The research team from the Cancer Research Institute from the University of Manchester studied the cell lines of 6 different NSCLCs (non-small cell lung cancer) that were previously grown in laboratory conditions. Each of the studied cell lines is known to have at least 60 genetic mutations. In order to precisely detect which of the mutations were responsible for the onset of cancer, the research team turned off each mutation in turn. This allowed them to determine the exact genetic mutations that  cause the cells to proliferate.

According to their results, the research team reports finding 3 key genes involved in the production of proteins that cause the cells to proliferate out of control. More importantly, these proteins can be used as drug targets for specific anti-cancer drug therapies. In the UK alone, lung cancer has been shown to be the 2nd most common type of cancer, following breast cancer. Approximately 42,000 cases are diagnosed each year, accounting for 13% of diagnosed cancer types. Furthermore, lung cancer also has one of the lowest survival rates. Less than 10% of all lung cancer patients survive for more than 5 years after being diagnosed.

The leader of the study, Dr John Brognard affirms that his new study is able to provide a new approach towards cancer drugs that could be personalized for each individual, thus increasing their efficacy. The results of the study still leave the genetic mutations of almost 50% of NSCLCs undiscovered. Researchers say that lung cancer is one of the most difficult to study types of cancer, thus all the possible genetic markers are already targeted by current therapies.
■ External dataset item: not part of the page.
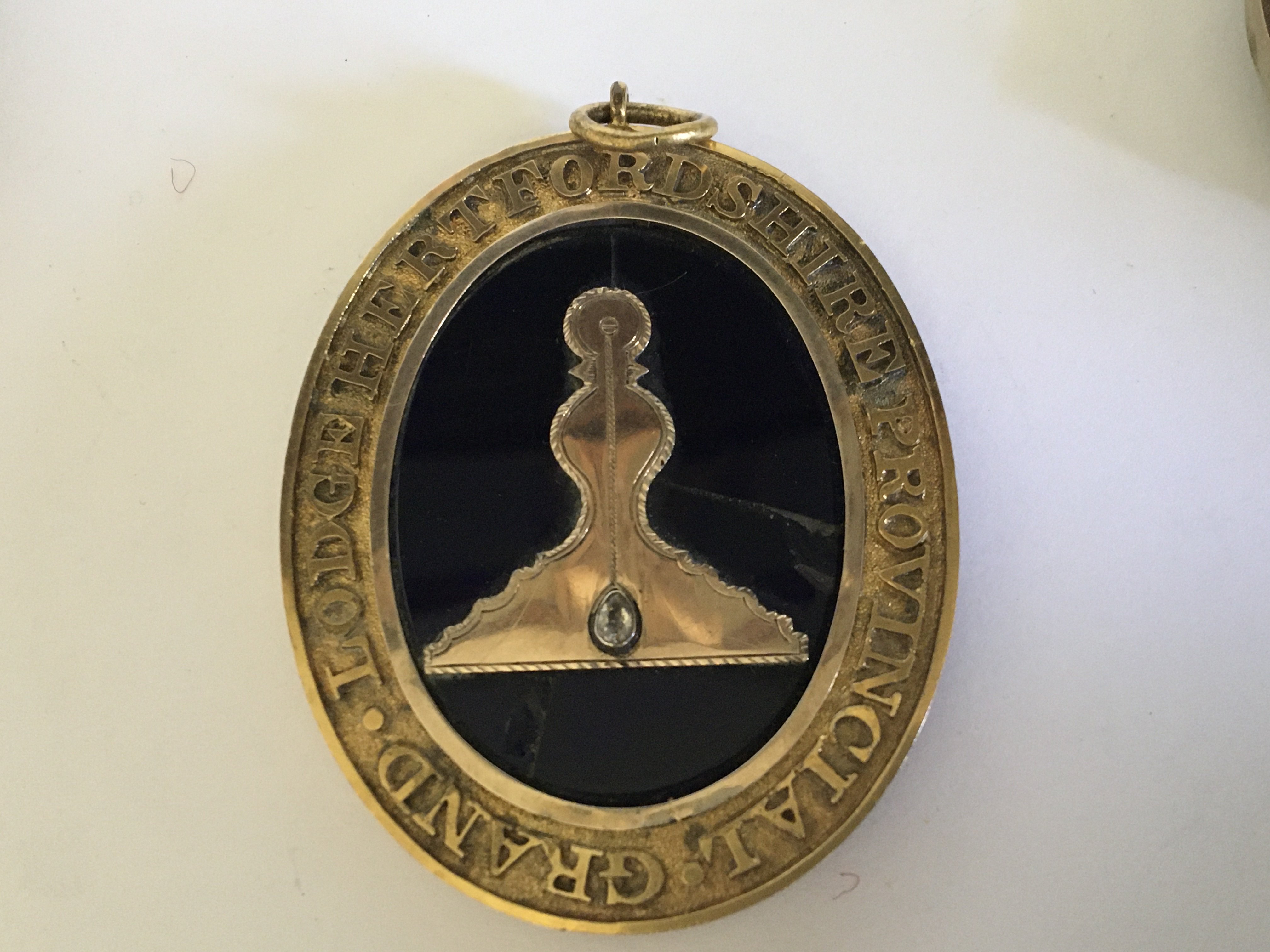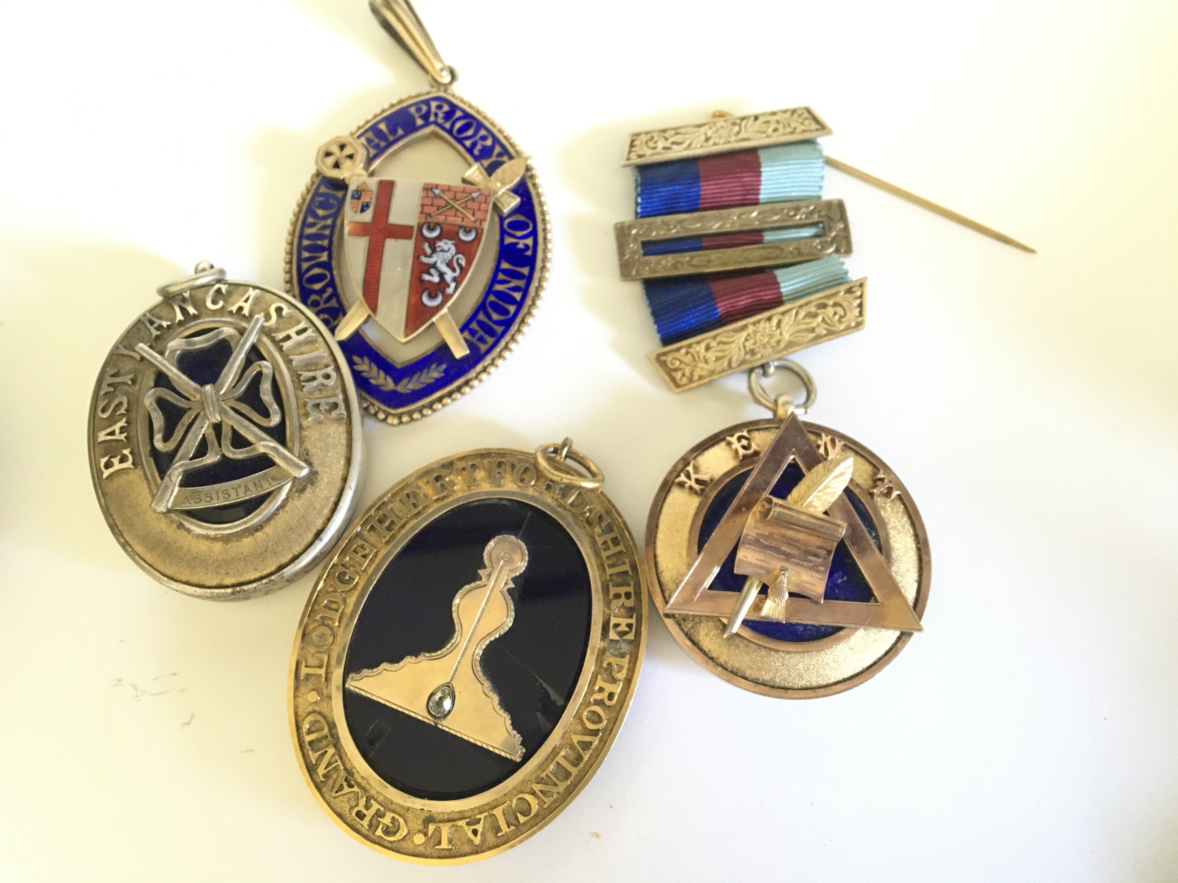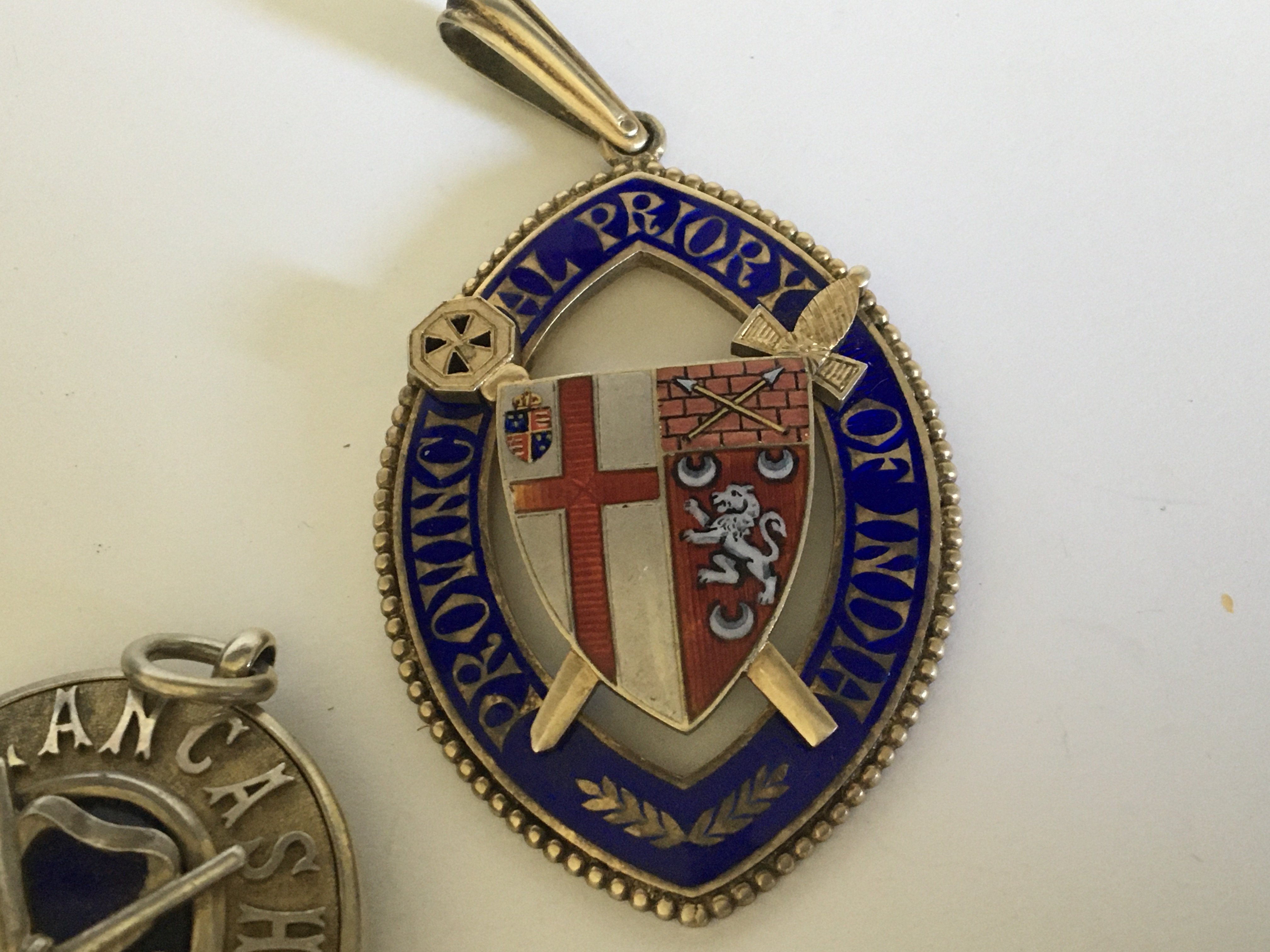 A Victorian Masonic Regalia Grand Rank collar Jewel Hertfordshire Provincial Grand Lodge the jewel set with an old cut pear shaped diamond with outer gold edge blue enamel (damaged) and three other silver gilt and elaborate enamel decorated Masonic Oval Collar Jewels The Provincial Priory of India East Lancashire and Kent (4)

However, the new discovery of the research team allows for further development of drugs according to the genetic mutations that are most likely to cause the proliferation of the cancerous cells.

According to professor Richard Marais, the direct of the Cancer Research Institute, the improvement of lung cancer survivability is their priority, and this study is a major step forward towards the development of cancer therapy that is effective for each patient due to the possibility of personalizing the therapy for each patient. He concludes that if the genetic mutations that cause the cancerous proliferation will be discovered and understood, cancer therapies will be able to be very specific and effective. Professor Marais says that the direction to which this study leads is the direction he wants for the new Manchester Cancer Research Center.